The book emerged amid debates following the rise of Agile software development, the popularization of Extreme Programming, and the growth of large-scale web platforms such as Netflix, Etsy and Spotify (service), addressing challenges discussed at conferences like QCon and Velocity Conference. Influences cited include theoretical work from Edsger W. Dijkstra and W. Edwards Deming as well as industrial reports from Gartner and Forrester Research that highlighted bottlenecks in continuous integration practices pioneered at organizations such as ThoughtWorks and Pivotal (company). The context includes regulatory and operational pressures exemplified by incidents involving Knight Capital Group and legal frameworks like the Sarbanes–Oxley Act that shaped enterprise adoption.

Content and Structure

The book is organized into sections covering the deployment pipeline, automated testing, infrastructure management, and organizational patterns, referencing case studies from Amazon Web Services, Heroku, Microsoft, IBM and Oracle Corporation. Chapters integrate engineering examples with workflows used at Google and Facebook and discuss automation tools whose provenance traces to projects like Jenkins (software), Docker (software), Puppet (software), Chef (company), Ansible (software), and Kubernetes. Technical content includes explanations of build artifacts, test harnesses, and release strategies, drawing on system design ideas related to CAP theorem and fault tolerance practices discussed in relation to Amazon S3 outages and resilience work by Netflix, Inc. The structure alternates prescriptive guidance and empirical evaluation, citing patterns that echo principles from Toyota Production System and examples originating at Etsy, Inc. and Mozilla Foundation.

Authors and Contributions

The principal authors, Jez Humble and David Farley, bring backgrounds linking ThoughtWorks consultancy, academia at institutions like University of Cambridge (for Humble) and industrial projects spanning BBC and Siemens AG (for Farley). Contributions also include forewords and endorsements from figures associated with Martin Fowler, Kent Beck, Gene Kim, Nicole Forsgren and J. Paul Reed who have influenced discourse on Continuous integration and DevOps practices. The book consolidates Humble’s work on deployment automation with Farley’s experience in systems engineering and cites collaborative research from teams at Google Research and labs affiliated with MIT and Stanford University.

Reception and Impact

Critical reception included positive reviews in industry publications such as IEEE Software, ACM Queue and journals from O’Reilly Media, and recognition by communities attending DevOpsDays and QCon where practitioners implemented its recommendations. The work influenced curriculum at universities like Carnegie Mellon University and University of California, Berkeley and was cited in reports by McKinsey & Company and Deloitte analyzing software delivery performance.

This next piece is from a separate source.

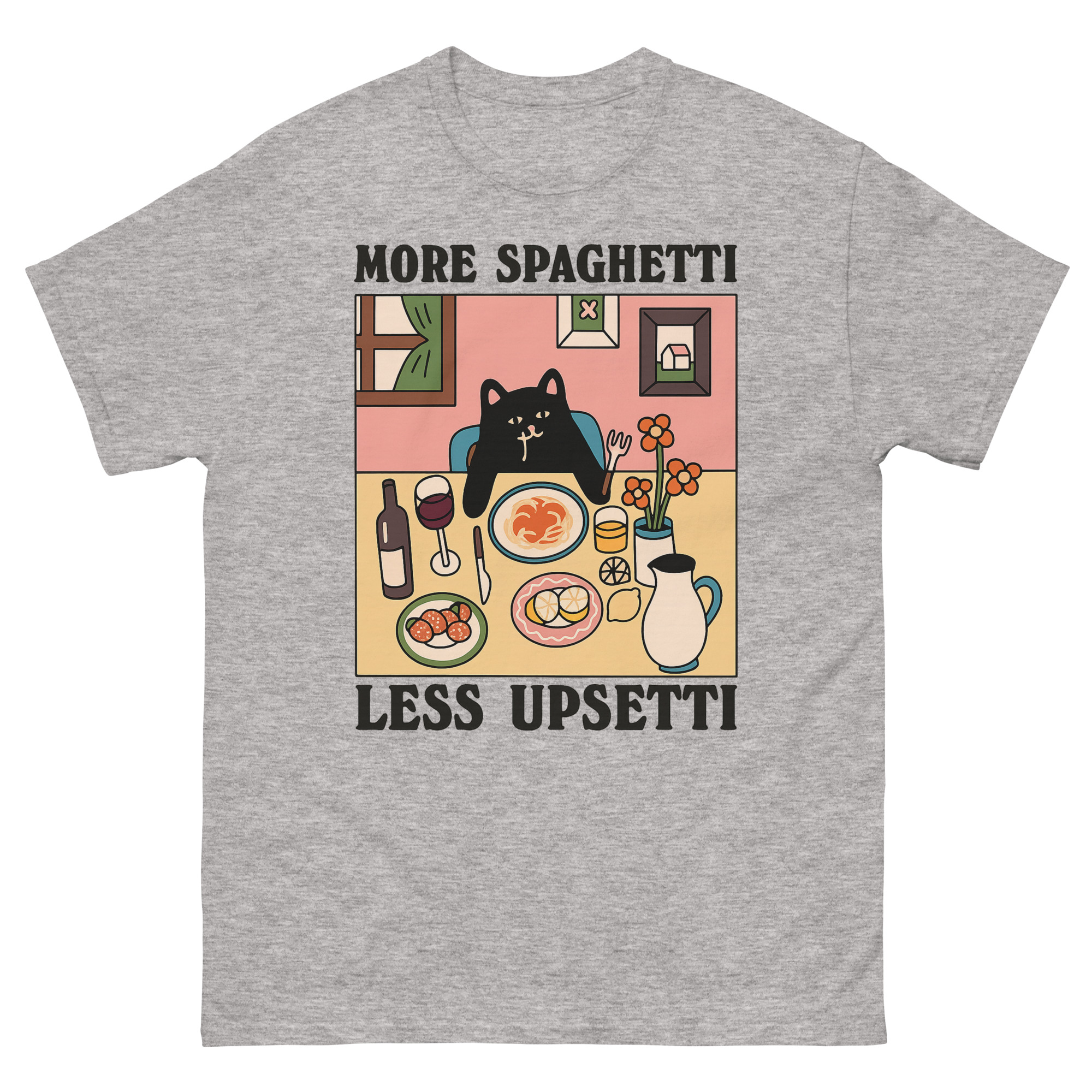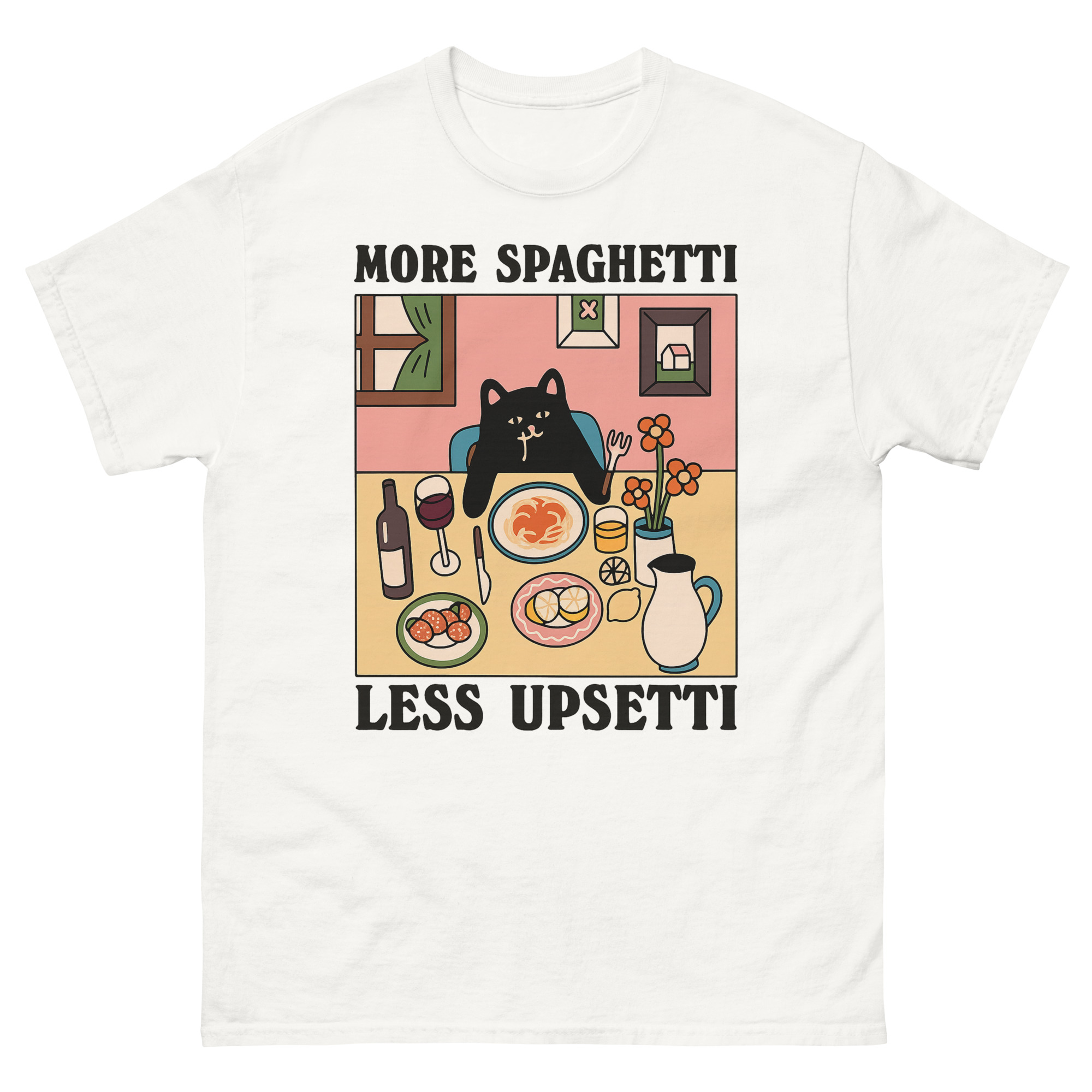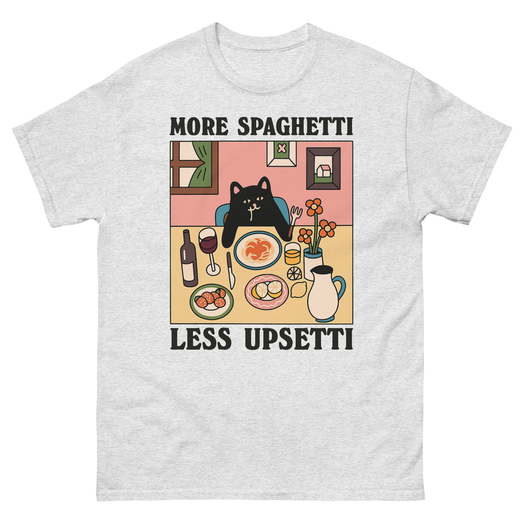 Upsetti Spaghetti T-Shirts – The Cute Black Cat & Comfort Food Graphic Tee

Its principles fed into commercial tooling ecosystems at Atlassian, GitHub, Bitbucket and cloud providers including Google Cloud Platform and Microsoft Azure, and shaped DevOps practices referenced in the State of DevOps Report and remediation strategies following outages at Equifax and Target Corporation.

Editions and Translations

First published by Addison-Wesley in 2010, later printings and a 2014 edition included updates aligning with containerization trends and tools such as Docker and orchestration frameworks like Kubernetes. Translations expanded reach into markets serviced by publishers in countries including Germany, France, Japan, China and Brazil and were used in localized training by consultancies like ThoughtWorks and Accenture. Subsequent editions and companion workshops incorporated material from conferences such as Velocity Conference and DevOpsDays and continued citations in standards discussions at organizations like IEEE and ISO.